The depression stage is part of the natural healing process and is a necessary step one must experience in order to heal. (Kubler-Ross & Kessler 2013) Job reveals his own deep depression he says, “My days are swifter than a weaver’s shuttle, and are spent without hope. “(Job 7:6) “Let that day perish wherein I was born, and the night in which it was said. ” (Job 3:3) and continues to question why he survived birth and should probably never have been conceived. (Job 3:3-11). Job is feeling hopeless and is becoming depressed. He also feels his problems are ith no end in sight, and he is experiencing the thoughts of giving up.
Acceptance of his trials is evident in Job 13: 15-16 “Through he slay me, yet will I trust in him, He also will be my salvation. ” Job accepts that God is wise and puts his trust in him. This stage is about the acceptance of a new reality; people change, learn and develop empathy from their grief to move on. Acknowledging the pain and moving on doesn’t mean the past is forgotten, rather it enables the person to move forward with an open heart and a broader perspective.
Job didn’t fully understand the purpose of his trials, but he accepted the omnipotence of his God. His faith sustained him just as faith sustains people today. Job’s faith is similar to that of the Baha’i faith. Those of the Baha’i faith believe that the body, mind, and spirit grow when they are tried by suffering. Trails or tests are viewed as a gift from God. Those who have these tests and persevere will have happiness while those who don’t are cowards. They are asked to turn to God and pray when enduring these tests and be thankful. Grief and sorrow do not come to us by chance, they are sent to us by the Divine Mercy for our own perfecting” (Baha’i International Community 2013).
Job persevered and believed there was a reason to why God was putting him through these trials. Studies have shown that those who attend church, pray, and actively practice their faith actually suffer less depression and resolve their grief sooner than those with little or no faith at all. (Quick, 2012) Clearly, there appears to be a correlation between spiritual beliefs or faith, and the ability to handle stress and accept tragedies in a more positive way.

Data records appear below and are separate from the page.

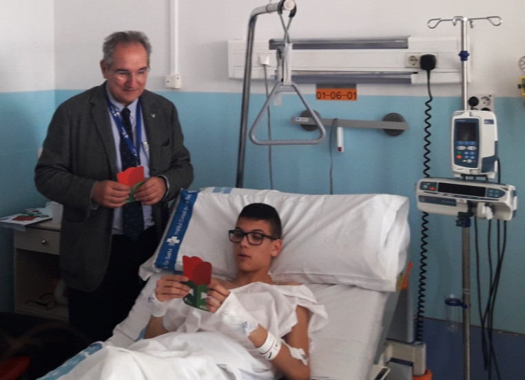 Mensajes de ánimo, de superación, de alegría; testimonios de personas que han superado una enfermedad; dibujos para los más pequeños; mensajes en diferentes idiomas… han llenado de cariño y energía las rosas tan especiales que han recibido los pacientes del Hospital. Por ejemplo, Xavi, paciente adolescente, ha recibido la rosa de manos del Dr. Vicenç Martínez Ibáñez, gerente del Hospital Universitari Vall d’Hebron, y el Sr. Enric Ticó, presidente de FGC. “Te hablo desde una depresión que ni yo mismo entiendo. Pero hoy, en Sant Jordi, es un día para dejar de lado los obstáculos que la vida te pone y disfrutar del amor, las flores y la lectura”, ha leído en voz alta Xavi.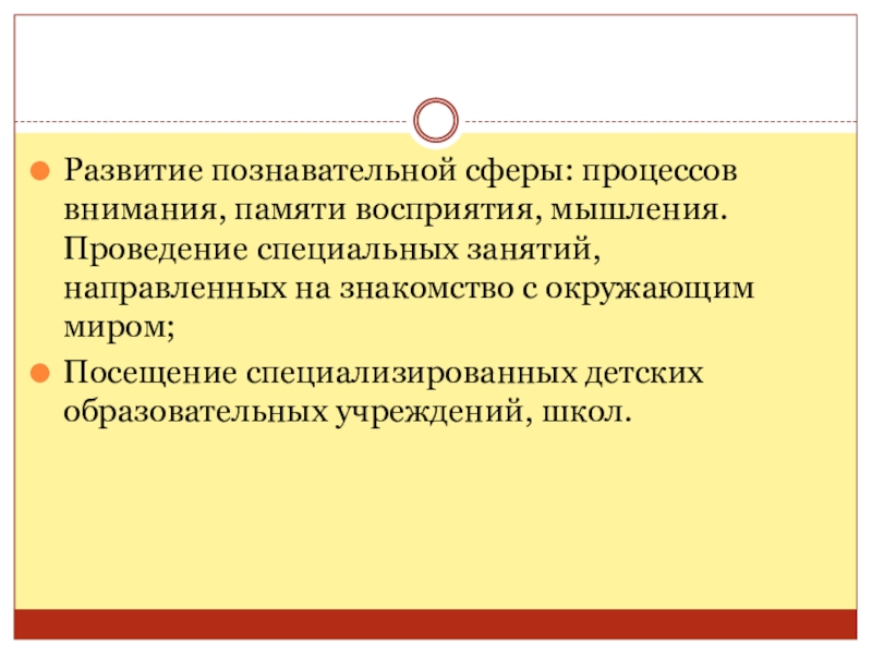 Развитие познавательной сферы: процессов внимания, памяти восприятия, мышления. Проведение специальных занятий, направленных на знакомство с окружающим миром;Посещение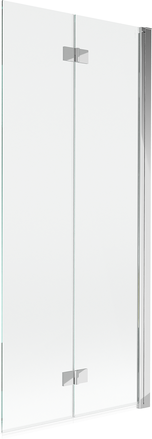 Paravan vyrobený ze dvou křídel s možností složení. Takové řešení umožňuje ušetřit více místa v koupelně a umožňuje volné využití zbývajícího prostoru, když nepoužíváme koupací zónu.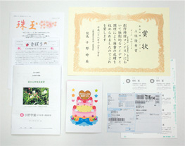 また、ファーストプリントが早いので短い休み時間でもすぐに印刷できる点や、多種多様な紙に対応しているので、子どもたちに渡すカラーイラスト入りの誕生日カードや教材カードなど、先生方の工夫で様々な用途に活用が拡がっています。

Healthcare providers, counselors, and clergy have all recognized that having a faith to cling to or a greater belief in life after death can ease the grieving process. In conclusion, having a belief in a greater power and life after death can make dealing with loss much easier. When a person has something to cling to, it can make dealing with trauma or loss more manageable. If there was no belief in life after death or no belief in a greater power, life’s tragedies would be far more difficult to deal with. It’s actually healthy to cultivate a belief in something.
Like Job, we will all experience some type of loss in our lives. Grief is a common thread to each and every person on the planet. Identifying the stages of grief, and having the resources and skills to cope with grief is crucial for handling grief in a healthy way. Everyone experiences the stages of grief. The difference seems to be faith. People who have a deep sense of faith are better equipped and more quickly navigate the stages of grief. As with Job, their faith allows them to go forward and successfully help others through the grieving process.